As you can see, my family took this belief one notch further. And I carried it for most of my life. Heck, it still runs me, but at least now I’m aware of it.
So what did I do? I studied. Then I studied more. I collected degrees, trainings, certifications, and credentials like emotional insurance policies. Just in case.
Listen, I’m not here to insult education. Education helps. A lot. It can open your mind. It can give you discipline, language, confidence, and access. As the saying in English goes, “knowledge is power.”
But is the saying completely true? Do you really have no future without formal education? Do you really need the right degree, title, certificate, training, approval, stamp, diploma, and maybe a golden scroll from the Ministry of Being Good Enough, or your life turns into a total fiasco?
Life keeps showing us there isn’t one official road to a meaningful future. Most people build businesses without business degrees. Most artists sell their work without MFAs. Most coaches help people not because they have the perfect certificate, but because they’ve lived, listened, learned, fallen apart, rebuilt themselves, and grown.

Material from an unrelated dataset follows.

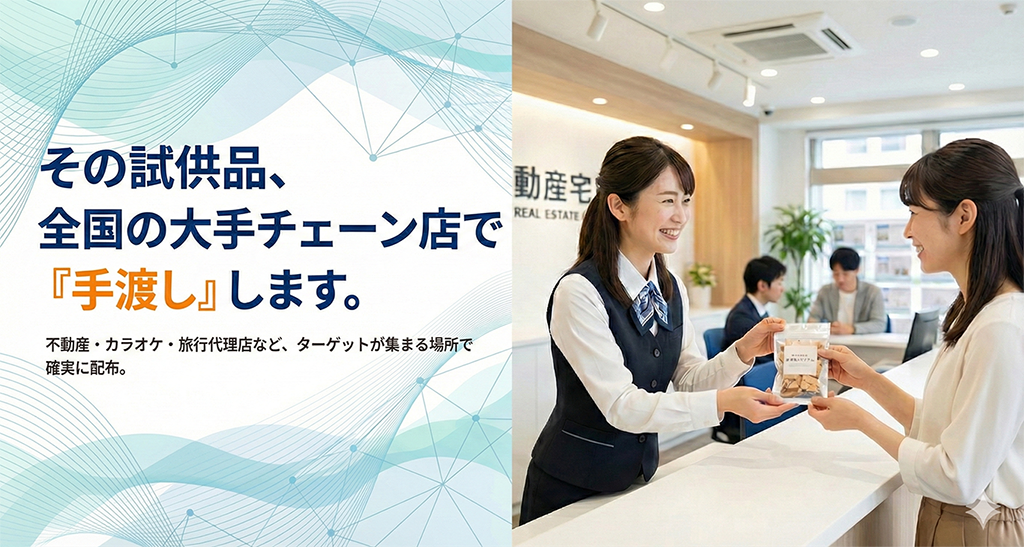手配した各ルートの施設スタッフから、ターゲットとなるエンドユーザーへ直接サンプルを手渡しで配布します。「お会計時」や「サービス提供後」など、最も受け取ってもらいやすく、好印象を与えられるタイミングで配布されるよう、施設側と連携して実施します。

Richard Branson left school at 16. Steve Jobs dropped out of college. Meanwhile, plenty of people with multiple degrees still stand in the middle of their lives asking: “Now what?” I know because I am one of them.
The saying isn’t wrong. It has value. But it’s incomplete. Education can open your mind, but it can’t always open the door for you. At some point, you still have to walk through.
My inherited belief about education helped me. But it also limited me. It made me confuse learning with permission. It made me think I needed one more degree, one more course, one more certification before I could trust what I already knew.
That’s what limiting beliefs do. They don’t always look negative. They actually look very responsible. Very respectable. Very practical. Very “I’m just being realistic.”
Maybe your inherited belief isn’t about education. Maybe it sounds like: Be practical. Don’t show off. Money is hard to make. Artists struggle. A real job is safer. You’re too old to start over. What will people say? Don’t risk what you already have. Rest when everything is done.
This week, I’m asking you: What belief did you inherit that once protected you, but now keeps you circling in place?
And what would you do if you stopped waiting for permission?